Mitzy laughed. “If he ever had anything, you can be sure he pissed it away. That was a man who'd spend ten bucks if he had five in his pocket, and forty bucks if he had twenty. Always in debt.”

“Do you know if he had a girlfriend?” Lexie hoped he wasn't lonely. She liked to imagine Bert ended his life in a relationship better than the one he'd had with Mitzy.

“Honey, he always had a girlfriend. Even when he already had a girlfriend he had another girlfriend.”

Lexie found it difficult to imagine that women were drawn to Bert the way Mitzy claimed they were. The sacks of loose flesh he'd prematurely had under each eye years ago could have only gotten worse. And he smelled like a litter-strewn back alley: cigarettes and booze. Though they were the same age, he and Daniel Waite were
as similar as a warthog and a panther. But her mother had loved him once. So maybe, as Mitzy imagined, others could love him, too.

There was a knock at the door. Lexie went to the living room and opened the door. Five Korean men nodded their heads and walked in with their painting supplies. They immediately started setting up.

“Mom, I've gotta go. The painters are here and I have to show them where to paint.” That was a lie, but Lexie needed to get off the phone.

“Whatchu getting painted? Bonnie Simms told me you were moving into the dormitory on campus.”

“It's an apartment in a dorm building on campus. The school is repainting the whole thing. They're buying me new furniture, too.”

“Well, aren't you fancy.” Mitzy's voice was sharp as razor wire.

“Let's talk later, Mom. We'll plan your trip.” Lexie rolled her eyes. She'd rather plan her own funeral.

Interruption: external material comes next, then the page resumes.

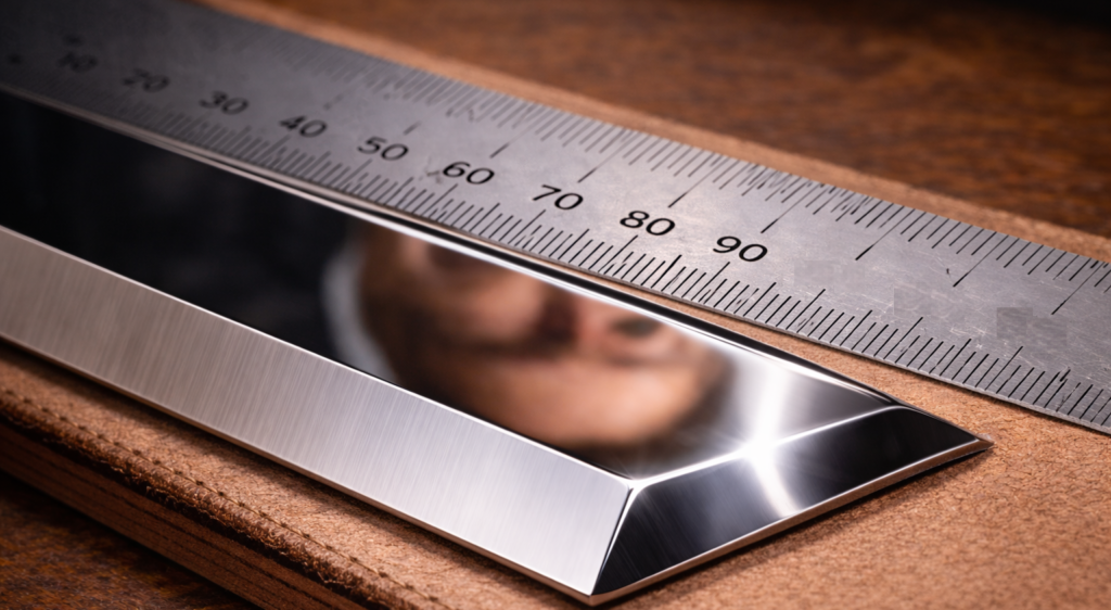 A face posterior de uma lâmina de plaina ou de um formão, tecnicamente conhecida como as costas, é frequentemente negligenciada, mas constitui metade da geometria do gume final. Para que uma ferramenta corte com precisão, as costas devem ser perfeitamente planas e polidas até um brilho espelhado, atuando como o plano de referência contra o qual o chanfro será afiado. Se as costas apresentarem qualquer concavidade, convexidade ou marcas de retificação industrial grosseira, o encontro com o chanfro resultará em uma linha serrilhada e ineficiente, independentemente do esforço dedicado à afiação da face frontal. A planicidade absoluta das costas é a fundação sobre a qual toda a agudeza da ferramenta é construída.

“Bonnie Simms said I could change the dates. Go after the snow melts since I don't have any of them moon boots or whatever you people wear out there.”

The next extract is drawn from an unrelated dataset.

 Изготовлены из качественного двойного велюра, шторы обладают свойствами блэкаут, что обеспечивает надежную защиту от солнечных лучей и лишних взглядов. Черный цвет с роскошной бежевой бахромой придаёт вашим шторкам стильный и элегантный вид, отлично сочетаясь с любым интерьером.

“Don't know what you're talking about with the moon boots. But it'll be a lot warmer in spring, so maybe you should come then. But I've gotta go. I'll talk to you soon.”

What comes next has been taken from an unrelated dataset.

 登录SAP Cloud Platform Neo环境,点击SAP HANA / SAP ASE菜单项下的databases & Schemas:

Lexie hung up and stared at the phone. She shut her eyes and repeated the word
compassion
over and over again. It was the only sane approach when dealing with her mother. They were two grown women and Lexie had all the advantages. To resent or blame Mitzy for Lexie's childhood would be a pointless act of adolescent whining. Lexie was in charge of her own life, and the past—how her parents had parented her—was no longer relevant.

Lexie tapped out a text to Amy:
Found out my dad died a few months ago. Feels like a splinter compared to the axe in my heart from Dot.
Lexie copied the text and sent it to Daniel, too. How strange that she already felt as close to him as to Amy.

Lexie clicked back to the last text Daniel had sent her. Simply seeing words he had written gave her a feathery feeling in her chest. Impulsively, Lexie leaned in and kissed the phone right where the text lit up the screen.